The possibility, provided in both countries analyzed, to deny access to one’s data cannot be questioned, as it falls under the principles of freedom of therapeutic choice and self-determination that are placed to safeguard patient’s dignity. Certainly, actions are possible and necessary to ensure that patient’s decisions are based on correct and complete information. In addition to traditional information campaigns, it seems appropriate to strengthen the doctor-patient relationship. However, this cannot happen at no cost and cannot imply offloading onto the shoulders of GPs also the task of educating their patients about every new technological innovation.

The goal of improving care offered to patients and making it more personalized is also pursued by the Digital Care Act, which was introduced in Germany in 2019 and effectively integrates mHealth into the healthcare system. The benefits of using these technologies are proven in relation to different diseases and situations. They benefit chronic patients the most and they are particularly effective in the fields of mental health, oncology, cardiology, etc.

To reach the full potential of using medical apps, they need to be made interoperable with the EHR. In order not to lose the potential of such advanced legislation, the German system needs more than ever to make the implementation of ePA effective and satisfactory.

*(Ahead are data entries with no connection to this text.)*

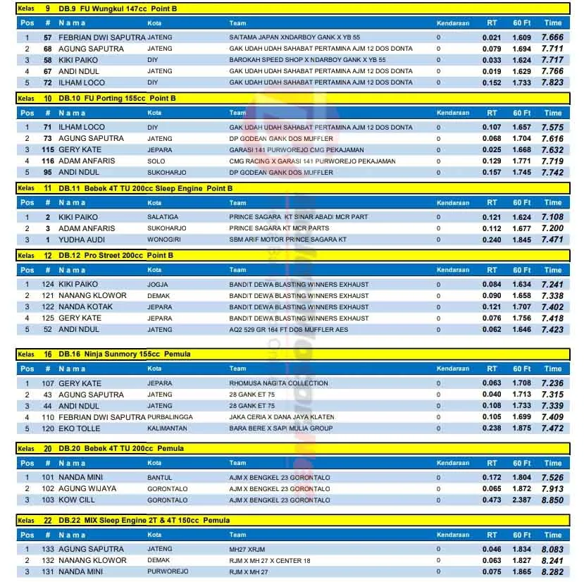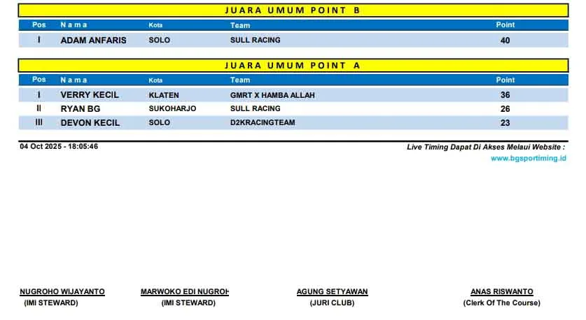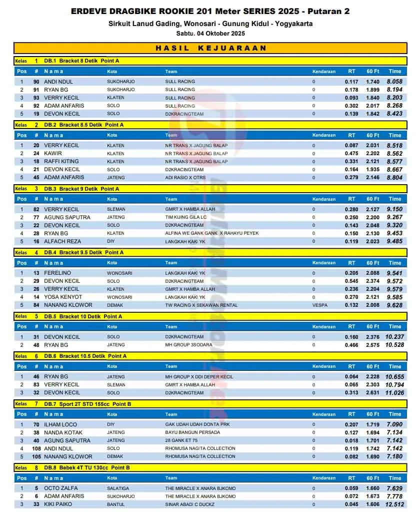 BalapMotor.Net – Berikut merupakan hasil lengkap kejuaraan balap lurus Erdeve Drag Bike Rookie putaran 2 yang berlangsung di sirkuit NP. Lanud Gading, Wonosari, Yogyakarta pada Sabtu 4 Oktober 2025. (**)
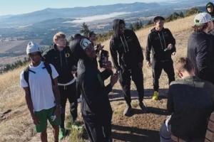 體育資訊9月24日訊 外媒曬出一張俄勒岡大學(xué)男籃隊員爬山照,中國球員林葳在列,穿上了統(tǒng)一的服裝,上腳科比4耐高配色(耐克總部在俄勒岡州,耐克是俄勒岡大學(xué)的長期贊助商)。
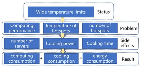 Much research has been performed with the goal of saving energy while reducing hotspots. However, existing studies focus on energy saving with few hot spots, ignoring how hot spots are measured and how soon they can be eliminated [5]. These two overlooked points affect both the energy consumption and the number of hotspots, as shown in Figure 2. At this stage, the main problems in data centers are due to broad temperature constraints. The end result is a waste of energy for both computing and cooling. This is the problem that the approach of this paper aims to solve. Cooling a hotspot when it has been in place for some time requires more power and takes a longer time than cooling a hotspot when it is just becoming hot, resulting in more energy consumption. See the examples in Section 4.2 for detailed descriptions. Furthermore, setting the limit temperature for hotspots at the maximum value to guarantee safety only theoretically guarantees stable operation of the data center, which has little to no ability to cope with unexpected situations.
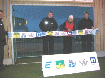 Fulltrúar KSÍ, þeir Eyjólfur Sverrisson, fyrrum atvinnumaður í knattspyrnu, Geir Þorsteinsson, framkvæmdastjóri KSÍ og Jakob Skúlason, landshlutafulltrúi KSÍ, afhentu formlega þá gjöf sem fólst í lagninu gervigrassins á sparkvöllinn sem lagður hefur verið á lóð Grunnskóla Grundarfjarðar.
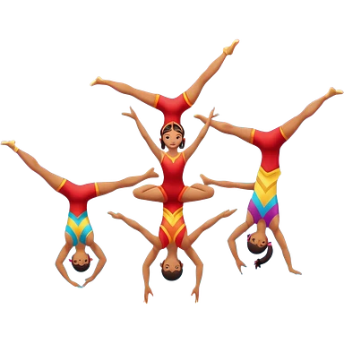 A group of acrobats performing a synchronized routine, balancing and flipping in mid-air. One acrobat is upside down while another supports them, with bright stage lighting illuminating their graceful movements against a colorful backdrop. The floor is padded for safety. emoji
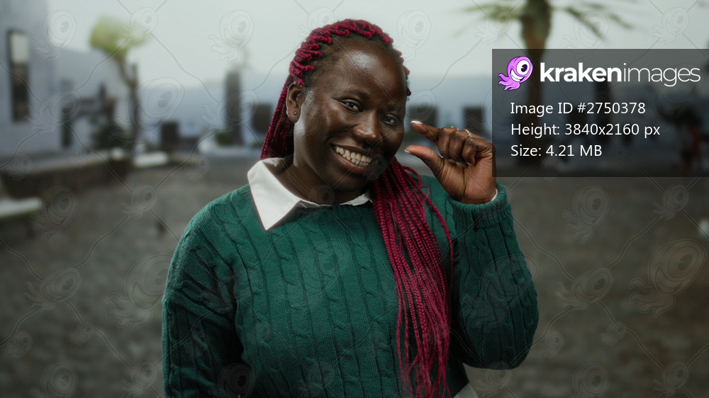 Woman smiling with red braids in an outdoor city street, making a small gesture, wearing a green sweater, palm trees in the background implying a vibrant urban setting. - Kraken Images
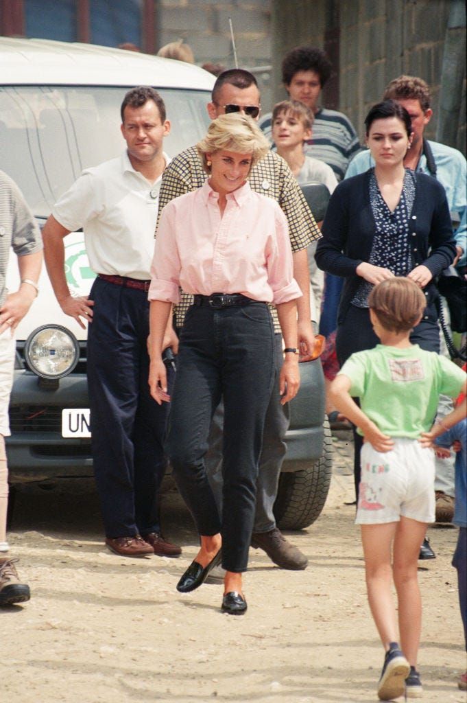 対人地雷禁止キャンペーンでボスニアを訪問した元妃は、黒デニムにピンクのシャツをタックインしたスタイルで登場。くるぶし丈のデニムから足首を少し見せることで、フェミニンな印象を与えています。
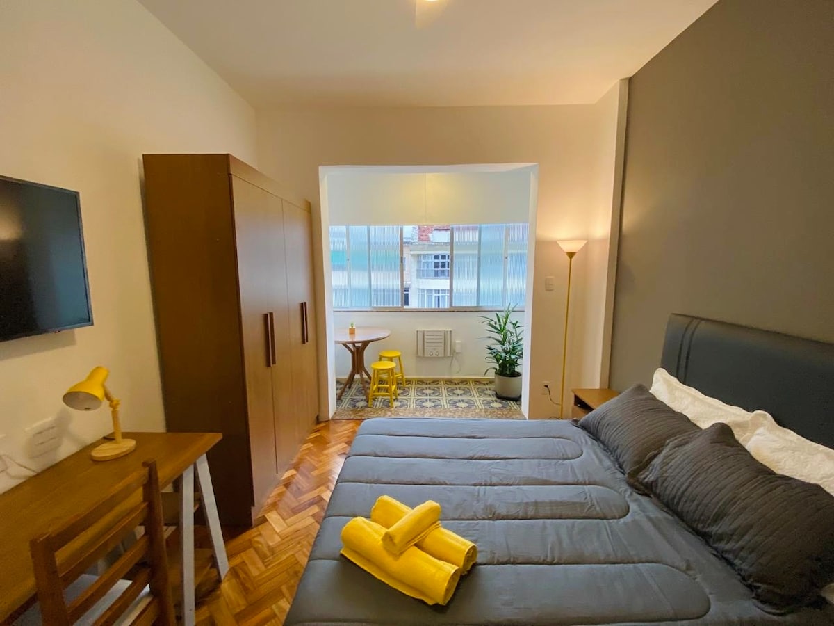 Apartamento moderno, práctico, cómodo, decorado con buen gusto y funcional, con 1 dormitorio espacioso en el corazón de Copacabana. Se encuentra a solo 1 manzana de la famosa playa de Copacabana, puesto 5, y a 10 minutos a pie de Ipanema. Hay un espacio público delante del edificio con equipos de ejercicio al aire libre. El apartamento está en un edificio lujoso y de primer nivel con nuevos ascensores sociales y de servicio y portero las 24 horas, los 7 días de la semana. Seguro y vigilado en todo momento. Es una unidad de esquina, por lo que el ruido no suele ser un problema.
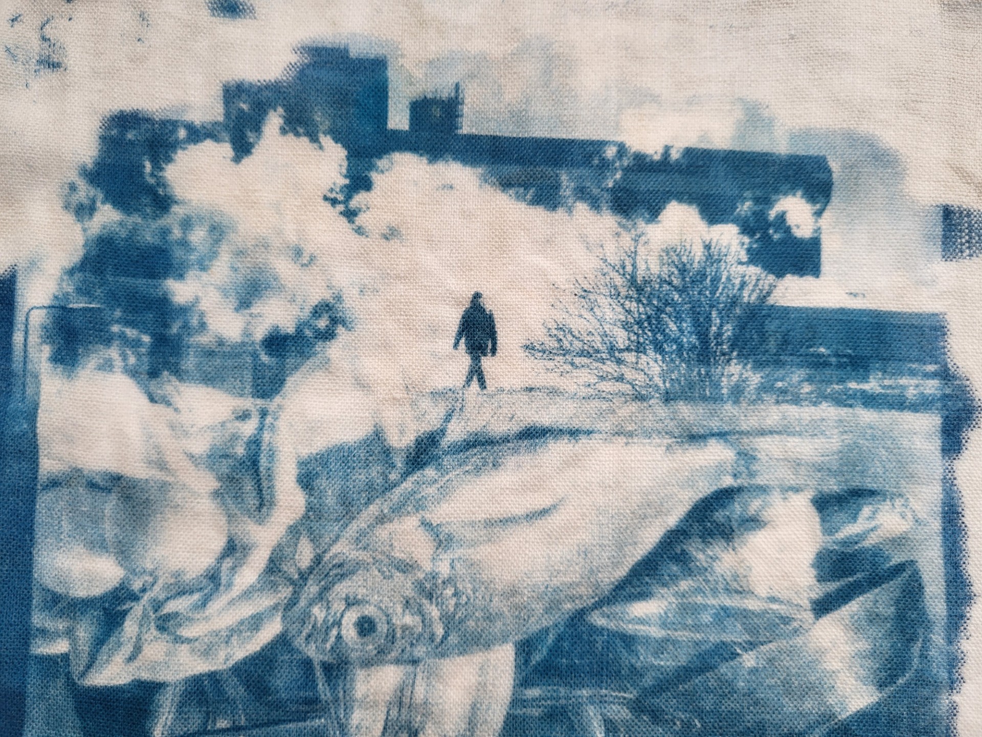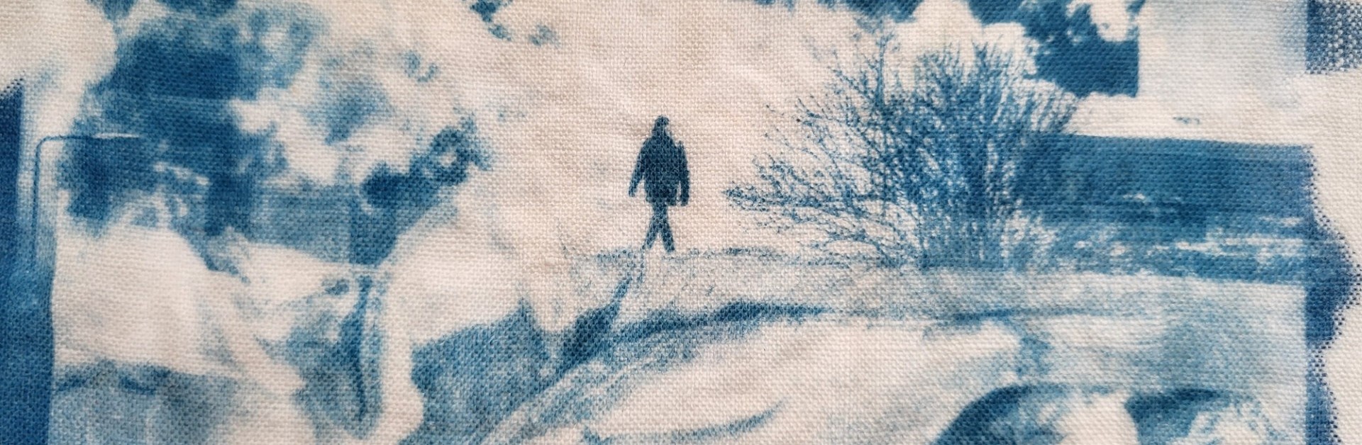 Tirage cyanotype sur tissu coton / une trame graphique ou un voile textile.
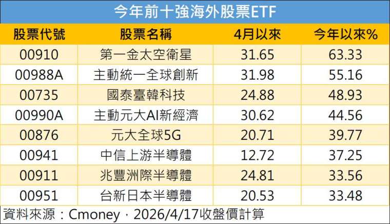 美伊暫時停火,金融市場經歷戰火後修復行情,以美股、韓股、台股為首持續上揚,年初以來多檔海外主動被動 ETF 漲勢犀利,依最新收盤價計算,表現最好的是第一金太空衛星 (00910-TW) 上漲 63.33%,其餘依序為主動統一全創新 (00988A-TW) 漲 55.16%、國泰臺韓科技 (00735-TW) 漲 48.93%,及主動元大 AI 新經濟 (00990A-TW) 漲 44.56% 等 4 檔海外股票 ETF,漲幅在四成至六成附近。
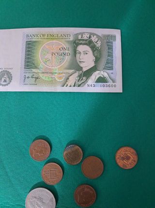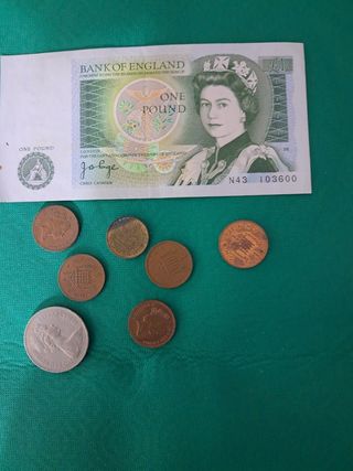 Vendo una banconota da una sterlina e 7 monete inglesi. Le monete mostrano segni di usura dovuti al tempo, ma sono in buone condizioni generali. La banconota è ben conservata. - Una banconota da 1 sterlina. - 7 monete di vario taglio.

A further challenge concerns the need to avoid that the delivery of quality care through digital tools ultimately leads to the exacerbation of social inequalities, namely, the exclusion of those who neither have the skills to use these tools nor have the financial means to purchase suitable smartphones and devices. App reimbursement is certainly the first step in the right direction, but it is not enough. Close monitoring and effective actions aimed to ensure that technology reduces social distances, instead of broadening them, will be key tasks task for legislators in the coming years, from which they cannot escape if they do not want digital medicine to become synonymous of exclusionary and elitist medicine.

  1. This paper will also be published in the proceedings of the 16th Annual Conference of the Societas Iuris Public Europaei (SIPE), Neue öffentliche Aufgaben in Spannungszeiten – New Public Tasks in Times of Tension – Nouvelles missions publiques en période de tension (Lisbon, 22-24 June 2023).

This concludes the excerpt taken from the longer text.